Fertilizers and irrigation developed during it have been used in many developing countries. Each crop requires optimal growing conditions to obtain high yields. Fertilization, mechanization and irrigation are essential components of the Green Revolution. Due to the peculiarities of the distribution of credits, only relatively wealthy landowners were able to grow new plant hybrids (cereals). In many regions, the Green Revolution accelerated the concentration of land in the hands of a few of the wealthiest owners. This redistribution of wealth does not necessarily provide jobs or food for the majority of the population in these regions.

Triticale

Traditional breeding methods can sometimes lead to surprising results. For example, a hybrid of wheat (Triticum) and rye (Secale) triticale (scientific name Triticosecale) is gaining importance in many areas and appears to be very promising. It was obtained by doubling the number of chromosomes in a sterile hybrid of wheat and rye in the mid-1950s. J. O'Mara at the University of Iowa with colchicine, a substance that prevents cell plate formation. Triticale combines the high yield of wheat with the ruggedness of rye. The hybrid is relatively resistant to line rust, a fungal disease that is one of the main wheat yields. Further crosses and selection have yielded improved triticale lines for specific areas. In the mid 1980s. this crop, thanks to its high yield, resistance to climatic factors and the excellent straw remaining after harvest, quickly gained popularity in France, the largest grain producer within the EEC. The role of triticale in the human diet is growing rapidly.

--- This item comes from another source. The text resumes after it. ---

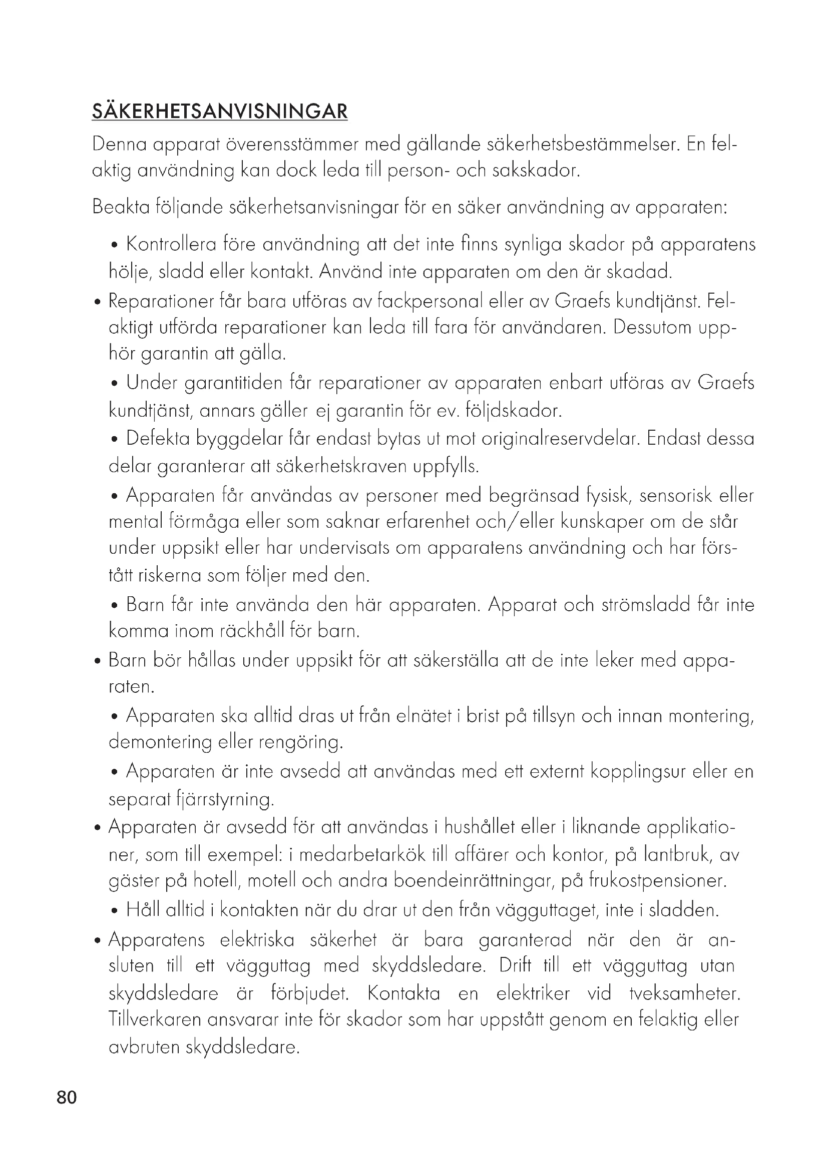 - Under garantitiden får reparationer av apparaten enbart utföras av Graefs kundtjänst, annars gäller ej garantin för ev. följdskador.

Conservation and use of crop genetic diversity

Intensive crossbreeding and selection programs lead to a narrowing of the genetic diversity of cultivated plants for all their traits. For obvious reasons, it is mainly aimed at increasing productivity, and among the very homogeneous offspring of specimens selected strictly on this basis, resistance to diseases is sometimes lost. Within a culture, plants become more and more uniform, as certain of their characters are more pronounced than others; therefore crops as a whole are more vulnerable to pathogens and pests. For example, in 1970, helminthosporiasis, a fungal disease of corn caused by the Helminthosporium maydis species (pictured above), destroyed approximately 15% of the crop in the United States, causing a loss of approximately $1 billion. These losses appear to be due to the emergence of a new race of the fungus, which is very dangerous for some of the main lines of corn that were widely used in the production of hybrid seeds. In many commercially valuable lines of this plant, the cytoplasm was identical, since the same pistil plants are repeatedly used in the production of hybrid corn.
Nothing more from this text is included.